¿Necesita el hombre a Dios?

¡Qué gran tontería la de Nietzsche al afirmar que Dios había muerto! No porque no tuviera razón, sino porque, a fin de cuentas, su rotunda afirmación era tan gratuita como cualquiera de los que vivían de Dios: argumenta en el mismo plano que los brujos y los sacerdotes cuando afirman que ellos conocen la voluntad y los deseos de Dios. 

El hombre parece que siempre ha necesitado a Dios: esa es la constatación que se deduce de la presencia de Dios en la historia. Dios, la religión, las sociedades sacerdotales... siempre han estado ahí. 

Pero no es cierto que el hombre haya tenido necesidad vital de Dios, aunque haya prevalecido la idea de un Dios necesario a la razón, a la sensibilidad, al sentimiento, al funcionamiento del mundo... Insistimos: no es cierto. Dios siempre ha sido una “opción”, bien que la mayor parte de las veces impuesta. Y ante esa opción siempre ha habido pensadores y gente innominada que se han opuesto a aceptarla. Opción que, aunque ha sido impuesta por mentes y jerarquía interesadas, sin embargo aparece una y otra vez rechazada por pensadores “de fuste”. 

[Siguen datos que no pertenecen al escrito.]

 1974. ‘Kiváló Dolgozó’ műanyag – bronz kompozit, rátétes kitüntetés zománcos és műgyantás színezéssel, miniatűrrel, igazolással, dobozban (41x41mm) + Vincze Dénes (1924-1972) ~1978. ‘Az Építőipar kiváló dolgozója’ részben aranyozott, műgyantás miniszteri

Sucede que el pensamiento vertido en libros, escritos y testimonios de quienes se han alzado contra tal imposición han sido barridos por el poder de todas las religiones y apenas si puede rastrearse su rodada en referencias de aquí y de allá, en restos de escritos, en reseñas, en citas, en apologías “adversus hereses”... 

Ya de hecho cuando Dios, o el dios, se convierte realmente en algo opcional comienza el declive del mismo, se inicia el fin del culto. De ahí que fuera imposible, durante la mayor parte de la historia de la Humanidad, tener “opción” a ello. Dios era una imposición, no una opción libre. Imposición incluso política. 

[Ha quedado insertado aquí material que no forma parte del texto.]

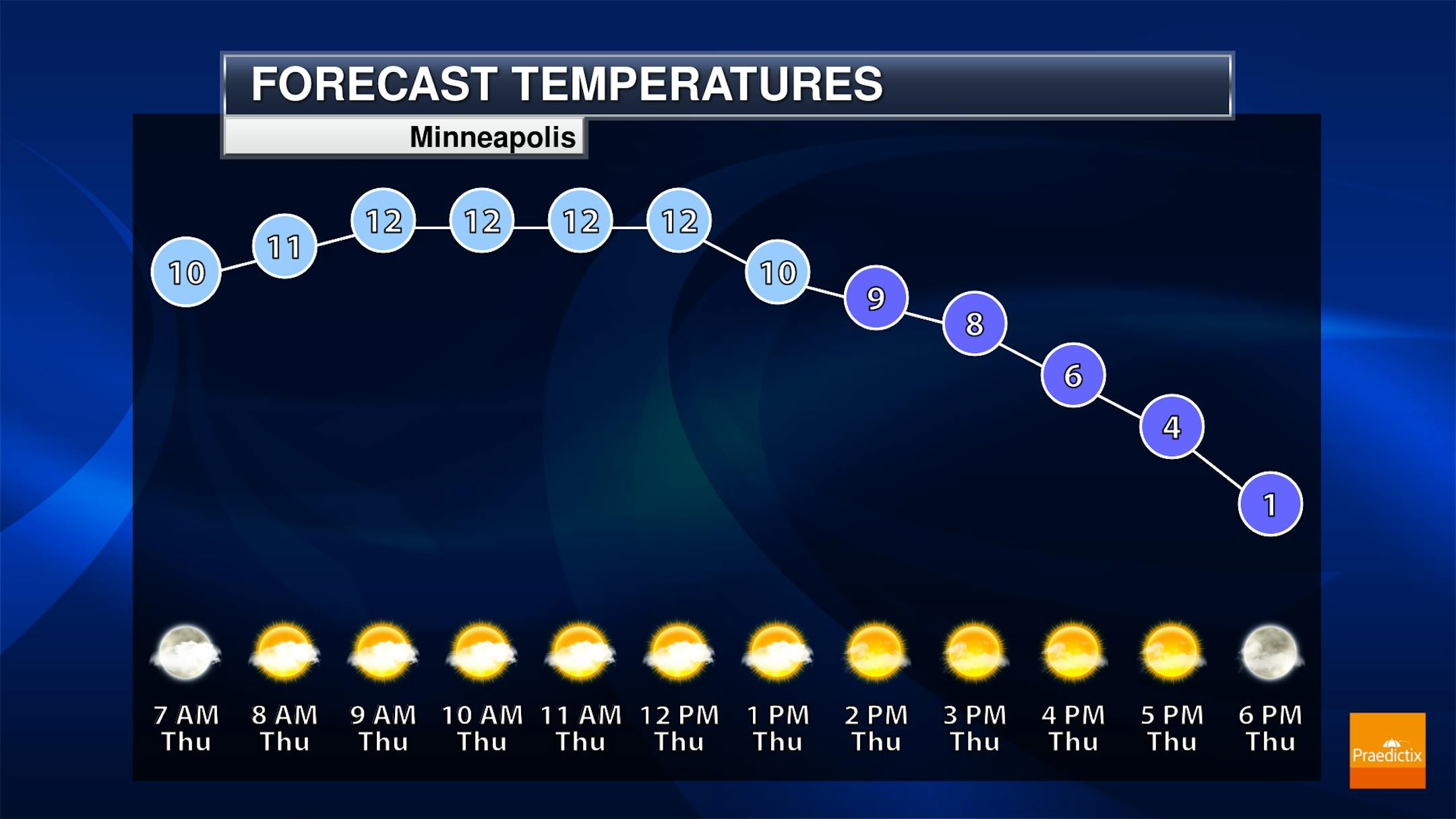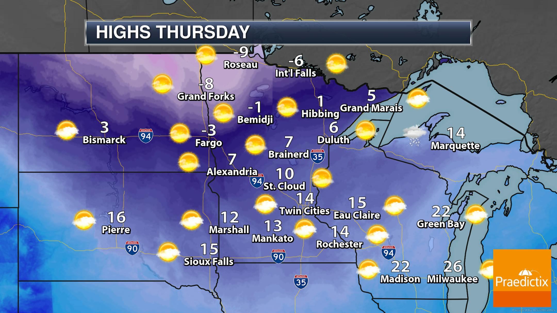 While it'll be a mainly sunny day in the Twin Cities on Thursday, I can't rule out a few flurries during the morning hours as a clipper moves through. Unfortunately, the clipper that brings that light snow chance ushers in another batch of cold air, and after morning/midday highs in the low/mid-teens, temperatures will drop through the afternoon hours.
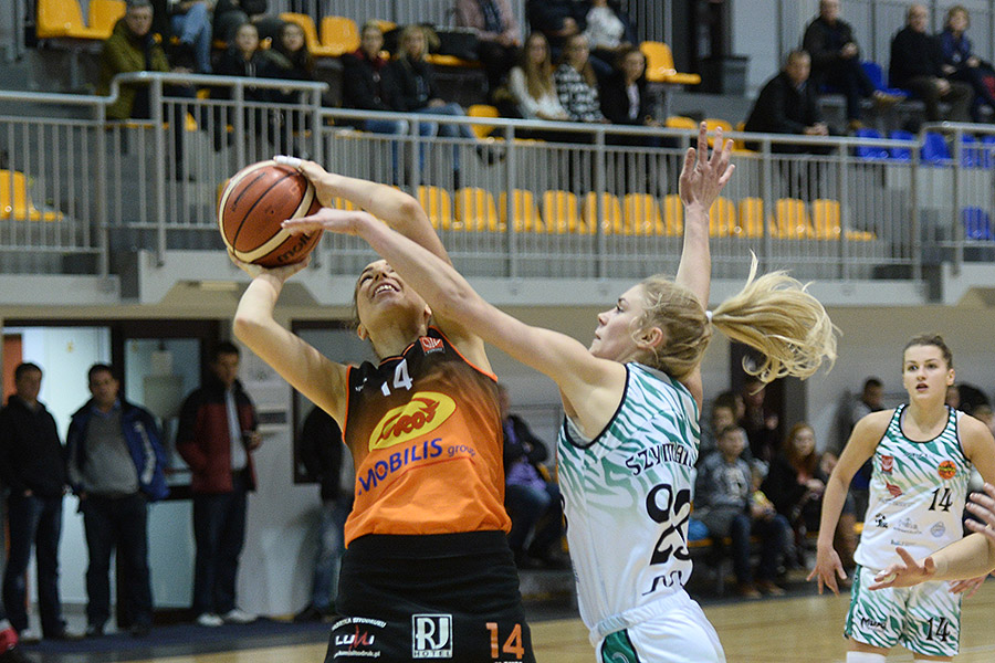 Lepiej zaczęły przyjezdne. Pabianiczanki ocknęły się dopiero w 7. minucie przy stanie 3:10 i zaczęły odrabiać straty. Robiły to na tyle skutecznie, że pierwsza kwarta zakończyła się 5-punktowym prowadzeniem, a w 15. minucie Grot Mobilis prowadził już 30:20. Zdobytego wtedy prowadzenia nie oddały już do samego końca, choć pierwsza połowa zakończyła się niewielką przewagę 34:32. Najskuteczniejsze w naszej ekipie były Kinga Dzierbicka (19), Anna Kolasa (10) i Anna Kudelska (10).
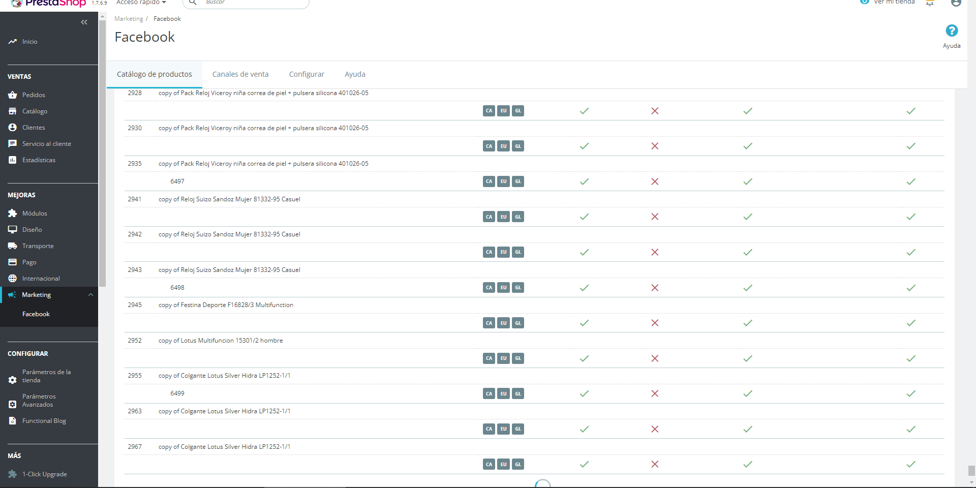 In some modules the products do not coincide with those that I currently have in the catalog. for example in the facebook module the name of the product 404 is copy of reloj... while in the catalog it is reloj...
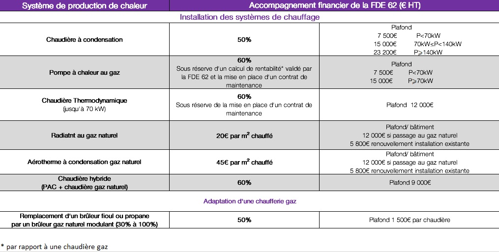 Lorsqu’une collectivité réalise une extension du réseau gaz naturel accompagnée par la FDE 62 (B/I), elle doit, dans un délai d’un an, raccorder les bâtiments de son patrimoine desservis par l’extension au réseau. Dans ce cadre, la FDE 62 propose une aide pour favoriser l’installation d’un nouveau système de chauffage.
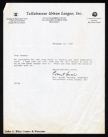 Letter from Ernest Ferrell to Member of the Tallahassee Urban League, inc., November 13, 1987
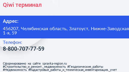 Qiwi, терминал по адресу 456207, Челябинская область, Златоуст, Нижне-Заводская 1-я, 59 в дальнейшем Организация, размещена в следующих категориях:

A la par que dicha imposición, incluso a la par que su aceptación por el vulgo que traga con exigencias de otros “por su bien”, siempre han existido los heterodoxos, los disidentes, los escépticos, los opositores. Perseguidos, denostados, excluidos, raídos... siempre han existido. De hecho, puestos a ser benévolos con el vulgo y concediéndole su parte alícuota de “sensus commnunis”, la gente ha vivido y vive en su vida corriente y cotidiana como si no hubiese necesitado o no necesitase a Dios.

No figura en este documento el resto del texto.